Mon Jul 20 13:57:59 EDT 2009

Hi all at Biopython (and EMBOSS-dev CC'd),

Now that EMBOSS 6.1.0 is out I've started checking it against Biopython.
As I mentioned on the Biopython mailing list a week ago, in particular I'd
like to make sure we agree on the various FASTQ variants. I'm waiting
for EMBOSS to update the documentation on their website, but as I
recall from talking to Peter Rice at BOSC/ISMB 2009 and a quick test
this afternoon, they are using:

fastq - FASTQ where the qualities are ignored (useful for input?)
fastq-sanger - Standard Sanger style FASTQ using PHRED offset 33
fastq-solexa - Early Solexa/Illumina FASTQ, Solexa scores offset 64
fastq-illumina - Illumina 1.3+ FASTQ using PHRED offset 64

I was expecting "fastq" to be an EMBOSS input only format given
how I had understood this to be interpreted (ignore the qualities). This
makes sense for tasks like FASTQ to FASTQ where the qualities can
be ignored. I was however surprised that using "fastq" as an output
format in EMBOSS seqret gives quality strings of double quote
characters. This ASCII character (34) is outside the range used in
the Solexa and Illumina 1.3+ FASTQ variants. If interpreted as a
Sanger style FASTQ file this means a PHRED quality of one
(meaning about random, a sensible default).

Enough background.
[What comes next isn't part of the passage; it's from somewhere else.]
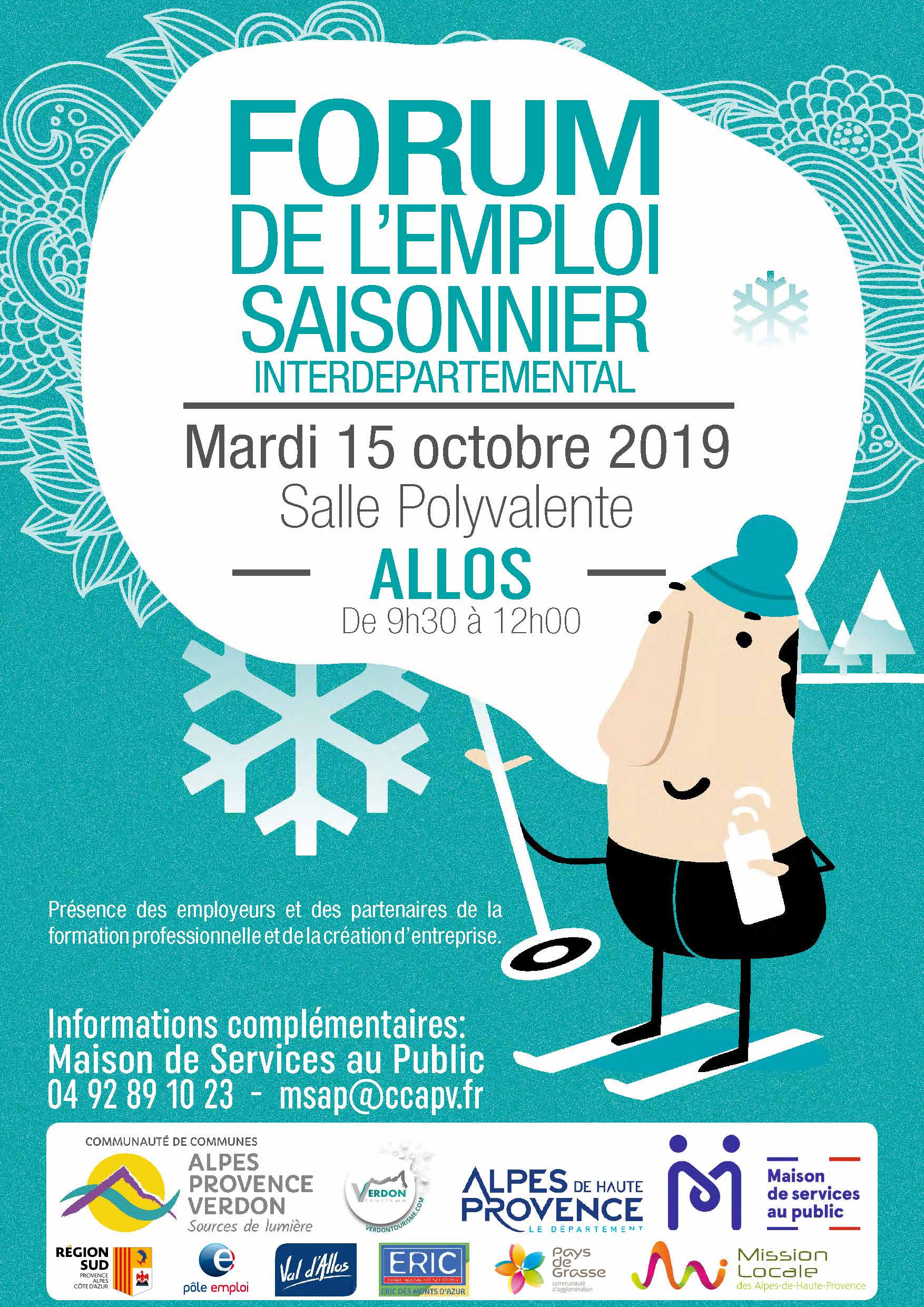 Les MSAP du territoire de la CCAPV et leurs partenaires préparent le 19eme forum de l’emploi. Ce forum aura lieu le 15 octobre 2019, de 9h30 à 12h00, dans la salle polyvalente mise à disposition par la commune d’Allos.

The reason for this email was that (subject to
confirmation), Biopython's "fastq" matches EMBOSS's "fastq-sanger",
so I'd like to consider adding this as an alias in Bio.SeqIO. I resisted
adding aliases initially, but we now have "gb" for "genbank" to make
working with Entrez a little easier, so there is a precedent. In this case,
it will make some of the test_Emboss.py code cleaner if I can just use
"fastq-sanger" everywhere and have both Biopython and EMBOSS
understand this.

Peter